September/October 1995 | Contents

public issues, private lives

by Andrew Hearst
Hearst is CJR's editorial/production assistant.

Sandy Close, the executive editor of Pacific News Service, usually arrives at her small San Francisco offices by 6 a.m., and for the next twelve hours she spends most of her time devising new ways to explore the forces that shape the lives of the people on the margins of American society -- the janitor from Guatemala, the chef from Shanghai, the homeless man from Oakland.

Two decades of such long days were recently rewarded in an extraordinary way: on June 12, she became the first editor to win one of the Chicago-based MacArthur Foundation's no-strings-attached "genius grants." In giving Close the award -- $315,000 over five years -- the foundation said that she "has produced groundbreaking journalism on a shoestring budget for more than twenty years, and has nurtured many writers with unconventional views."

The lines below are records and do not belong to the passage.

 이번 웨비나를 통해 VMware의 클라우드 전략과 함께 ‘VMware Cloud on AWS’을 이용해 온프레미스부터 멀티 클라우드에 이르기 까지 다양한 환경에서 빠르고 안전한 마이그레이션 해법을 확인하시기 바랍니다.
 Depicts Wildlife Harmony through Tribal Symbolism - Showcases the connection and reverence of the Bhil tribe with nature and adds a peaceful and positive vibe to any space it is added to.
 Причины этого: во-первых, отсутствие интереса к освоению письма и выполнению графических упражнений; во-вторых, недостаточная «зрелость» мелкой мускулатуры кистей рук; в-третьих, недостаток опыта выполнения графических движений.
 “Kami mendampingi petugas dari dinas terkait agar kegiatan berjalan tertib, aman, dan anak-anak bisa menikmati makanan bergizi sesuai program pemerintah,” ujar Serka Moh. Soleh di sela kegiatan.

Since 1974, the fifty-two-year-old Close has been the prime force behind PNS, the nonprofit, mostly-print wire service, which syndicates more than 300 articles a year to some 110 clients, including such major publications as The Washington Post and the Los Angeles Times. Many PNS pieces involve the private ramifications of public issues, and most are written by members of the communities -- inner city, adolescent, evangelistic, immigrant, Muslim -- directly affected by those issues.

Partly because of its extensive coverage of issues -- poverty, alienation, etc. -- that are usually of concern to liberals, PNS has often been pigeonholed as left-wing by many newspaper and magazine editors, who would undoubtedly be surprised to learn that its top editor voted for George Bush in 1992 and is anti-abortion. A sampling of PNS stories, in fact, makes it clear that PNS has no knee-jerk politics. "The media are so obsessed with political polarization," says Close. "They can only see 'left' and 'right.' They can only mirror the L.A. Times op-ed page -- 'on the left this, on the right that.' That doesn't tell you anything! How does that explain the moan coming out of America?"

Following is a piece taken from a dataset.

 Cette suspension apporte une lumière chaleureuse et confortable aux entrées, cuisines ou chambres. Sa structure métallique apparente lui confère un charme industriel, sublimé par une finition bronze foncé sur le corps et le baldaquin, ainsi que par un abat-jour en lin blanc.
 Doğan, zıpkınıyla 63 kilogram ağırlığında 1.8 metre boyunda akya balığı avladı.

The MacArthur award comes just as PNS is launching "Exploring America's Social Disintegration and Pathways for Reintegration," an ambitious year-long project that will comprise TV and radio essays, articles, public forums, and two books. The project --which is scheduled to include articles on such topics as "Vampire Kids: Why Steven King Resonates With This Generation's View of the World" and "The New Preachers: Converting California Back to Protestantism" -- will focus on California, in part because, Close has written, that is where "the contradictory forces within American society . . . are coming to a head most rapidly."

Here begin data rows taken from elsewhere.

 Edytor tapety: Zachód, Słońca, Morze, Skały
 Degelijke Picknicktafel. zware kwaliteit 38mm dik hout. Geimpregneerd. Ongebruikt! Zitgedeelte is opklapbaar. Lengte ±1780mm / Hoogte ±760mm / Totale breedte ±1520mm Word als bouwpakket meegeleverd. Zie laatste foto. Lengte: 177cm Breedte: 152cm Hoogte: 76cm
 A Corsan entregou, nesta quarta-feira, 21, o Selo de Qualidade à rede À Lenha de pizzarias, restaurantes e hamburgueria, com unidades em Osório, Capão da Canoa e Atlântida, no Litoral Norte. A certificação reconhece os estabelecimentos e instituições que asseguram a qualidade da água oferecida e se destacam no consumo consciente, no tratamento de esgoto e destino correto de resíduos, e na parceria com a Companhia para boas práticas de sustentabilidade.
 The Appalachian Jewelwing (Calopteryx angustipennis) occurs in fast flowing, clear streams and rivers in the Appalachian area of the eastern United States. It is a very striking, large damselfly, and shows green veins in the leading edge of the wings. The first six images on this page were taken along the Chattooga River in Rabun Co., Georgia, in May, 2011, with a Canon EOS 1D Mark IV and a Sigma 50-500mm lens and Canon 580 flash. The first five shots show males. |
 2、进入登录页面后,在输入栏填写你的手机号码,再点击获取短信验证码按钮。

PNS was founded in 1970 by a group of scholars and writers -- including Close's husband, Franz Schurmann -- who were against the war in Vietnam and wanted to provide the national media with an alternative source of information about it. Before taking the reins at PNS, where she was entrusted with shifting the organization's focus toward domestic concerns, Close worked as the China editor for an economic review in Hong Kong, as the founder and editor of a black community newspaper in Oakland, and as a prison rights activist.

The list of her current and former PNS colleagues includes John Markoff of The New York Times, Hugh Pearson of The Wall Street Journal, Frank Viviano
 of the San Francisco Chronicle, and essayist Richard Rodriguez (best known for his commentaries on The MacNeil/Lehrer NewsHour). As the MacArthur Foundation noted, Close has an uncanny knack for plucking writers out of places most editors would never think to look. "She's a great finder," says David Talbot, the arts and features editor at the San Francisco Examiner. "She takes people who don't think of themselves as journalists and convinces them that they are."

 

Often, assignments from Close have created side careers for people in other disciplines. In late 1979, when virtually everyone in the U.S. media was demonizing the Ayatollah Khomeini, Close was determined to publish a piece exploring why it made sense to the Iranians for them to seize the hostages. Close called around, and eventually a friend mentioned that she might contact William Beeman, an associate professor of anthropology at Brown University. She called him, and he said, "That's interesting, I've never written for newspapers before. Let me try it." The next day, he turn- ed in the first piece of what would become a series. It had such an impact that the U.S. State Department subsequently hired him as a hostage-crisis consultant. He's still writing for PNS sixteen years later.

PNS associate editor Andrew Lam, who immigrated to the U.S. from Vietnam in 1975 when he was eleven years old and whose articles have appeared in The New York Times and Mother Jones, got his start in journalism after Close heard from one of his classmates at San Fran- cisco State University that he'd written an essay that had made everybody in the classroom cry when he read it to them. Close called him, met him for coffee, and hired him on the spot. What made Lam stand out? "It was his ability to tell stories," she says.

Lyn Duff, eighteen, grew up in Pasadena, where she was expelled from school in the eighth grade for publishing an underground school newspaper. Because of family problems, she moved to San Francisco when she was sixteen and began living in group homes, shelters, and on the streets -- writing for a small newspaper -- where she remained until last year, when she met Close and began writing for PNS's YO! (Youth Outlook), an eight-page bi-monthly newspaper written by Bay Area youths.

At a recent YO! meeting, Close and the staff looked for story ideas by going around the circle of young writers and having each one tell about an experience that had shaped his or her short life. The real significance of the meeting for the youths, Close observed later, was "the importance of knowing that the other person has a story. People in communications have to be about facilitating communication."